Discussion:
Lynx (not) mapping of Unicode chars into lower ascii?
Tim Chase
2014-05-18 22:09:44 UTC
Permalink
I noticed that lynx doesn't seem to make certain semi-obvious
transformations from fancy Unicode characters down to standard ascii
characters. For an example, check out my tweet on this page in both
a GUI browser such as Firefox/Chrome/Chromium and in Lynx:

https://twitter.com/gumnos/status/468150283592167424

It should have a whole bunch of various-font "a" characters in the
first set of brackets (only the ascii ones show up) and a variety of
fonted number from 0-5 in the second set of brackets. The
translation from these code-points down into lower-ascii should be
pretty straightforward, but I don't know how lynx currently handles
such translations (I've seen it succeed on some other characters like
turning "©" into "(c)").

It's not that grave an issue for me, but just wanted to mention
stumbling on it.

-tkc
Thorsten Glaser
2014-05-18 22:18:23 UTC
Permalink
Post by Tim Chase
I noticed that lynx doesn't seem to make certain semi-obvious
transformations from fancy Unicode characters down to standard ascii
characters.
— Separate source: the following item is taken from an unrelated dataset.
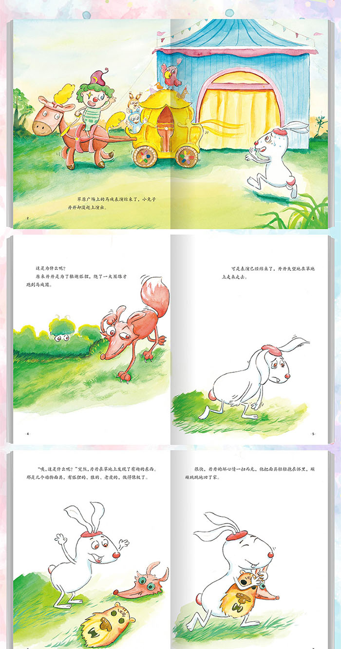 小兔子没有看到马戏团的表演却捡到了几个面具。有了这些面具,小兔子觉得以后谁都不怕了。第二天,小兔子要戴着面具去食肉动物的地盘威风一下。在路上,她用狐狸的面具偷吃了小老鼠的生菜,很得意。可当她遇到老虎的时候,却被老虎识破,差点落入虎口。最后,小兔子逃回家,她得到了教训,再也不敢耍小聪明了。

For an example, check out my tweet on this page in both
I require Lynx to not do this, because I use Unicode excessively.

On the other hand, selecting a nōn-UTF8 charset might want to do
that… but the tables are apparently hand-generated and do not cover
full Unicode, only the obvious stuff related to most legacy charsets.
Covering all of Unicode is going to be a crazy job anyway…
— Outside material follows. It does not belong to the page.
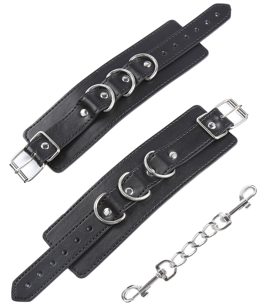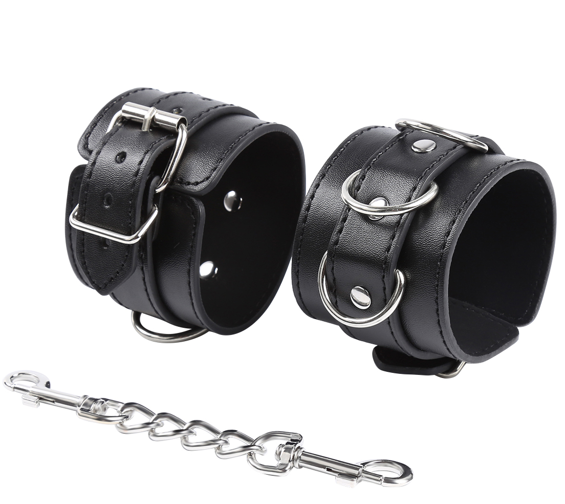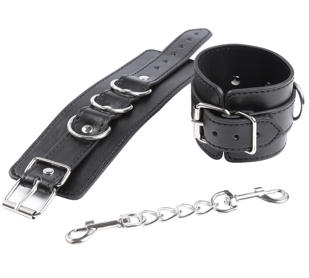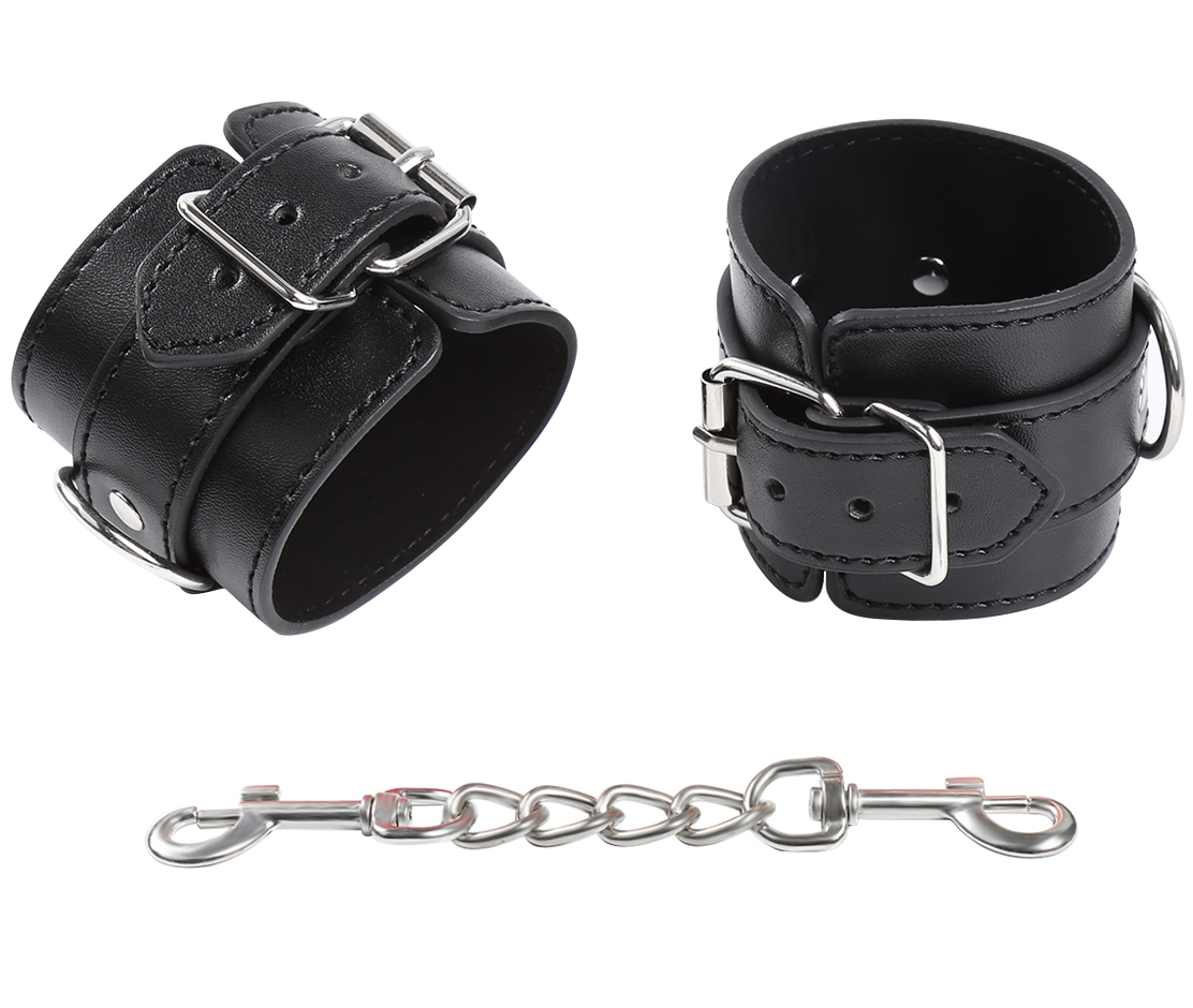 Black buckling leather wrist cuffs with 3-D-RING, made of high quality faux leather. An exquisite pair of leather wrist cuffs by NAUGHTY TOYS. ONE SIZE fully adjustable buckle straps. Unisex and fully adjustable buckle straps. It adjusts exactly to the point and as tight, you want it to be. Comes with a detachable double trigger hook chain connecting to a D-Ring.

(… although a downconversion from SMP to BMP unicode, for us users
of uxterm, would be welcome…)

bye,
//mirabilos
--
ah, that reminds me, thanks for the stellar entertainment that you and certain
other people provide on the Debian mailing lists │ sole reason I subscribed to
them (I'm not using Debian anywhere) is the entertainment factor │ Debian does
not strike me as a place for good humour, much less German admin-style humour
Tim Chase
2014-05-19 02:09:54 UTC
Permalink
Post by Thorsten Glaser
Post by Tim Chase
I noticed that lynx doesn't seem to make certain semi-obvious
transformations from fancy Unicode characters down to standard
ascii characters. For an example, check out my tweet on this page
in both
I require Lynx to not do this, because I use Unicode excessively.
On the other hand, selecting a nōn-UTF8 charset might want to do
that… but the tables are apparently hand-generated and do not cover
full Unicode, only the obvious stuff related to most legacy
charsets. Covering all of Unicode is going to be a crazy job anyway…
I agree that, if the containing terminal supports it, lynx should
just present the character as-is. I don't know if there's an easy
way to detect whether a terminal supports smarter encodings like
UTF-{8,16,32} where it can/should present the characters as-is, but on
dumber terminals, fall back to a character-remapping.

-tkc
Thomas Dickey
2014-05-21 00:05:21 UTC
Permalink
Post by Tim Chase
Post by Thorsten Glaser
Post by Tim Chase
I noticed that lynx doesn't seem to make certain semi-obvious
transformations from fancy Unicode characters down to standard
ascii characters. For an example, check out my tweet on this page
in both
I require Lynx to not do this, because I use Unicode excessively.
On the other hand, selecting a nōn-UTF8 charset might want to do
that
 but the tables are apparently hand-generated and do not cover
full Unicode, only the obvious stuff related to most legacy
charsets. Covering all of Unicode is going to be a crazy job anyway

I agree that, if the containing terminal supports it, lynx should
just present the character as-is. I don't know if there's an easy
way to detect whether a terminal supports smarter encodings like
UTF-{8,16,32} where it can/should present the characters as-is, but on
dumber terminals, fall back to a character-remapping.
There isn't a reliable way to "detect" the encodings supported by a terminal.
--
Thomas E. Dickey <***@invisible-island.net>
http://invisible-island.net
ftp://invisible-island.net
Paul Gilmartin
2014-05-18 23:29:03 UTC
Permalink
Post by Tim Chase
I noticed that lynx doesn't seem to make certain semi-obvious
transformations from fancy Unicode characters down to standard ascii
characters. For an example, check out my tweet on this page in both
https://twitter.com/gumnos/status/468150283592167424
FWIW, Linux (and to a certain extent Windows) is quite UTF-8-savvy.
The Ubuntu Terminal app does a great job of displaying native UTF8:
Latin, Cyrillic, Greek, Hebrew, Arabic, ... No need to search for
USASCII approximations. Even more astonishing, I can edit mixed
Latin and Cyrillic with vi, and even the case-flip ('~') command
works properly. Works on Cygwin, also, IIRC.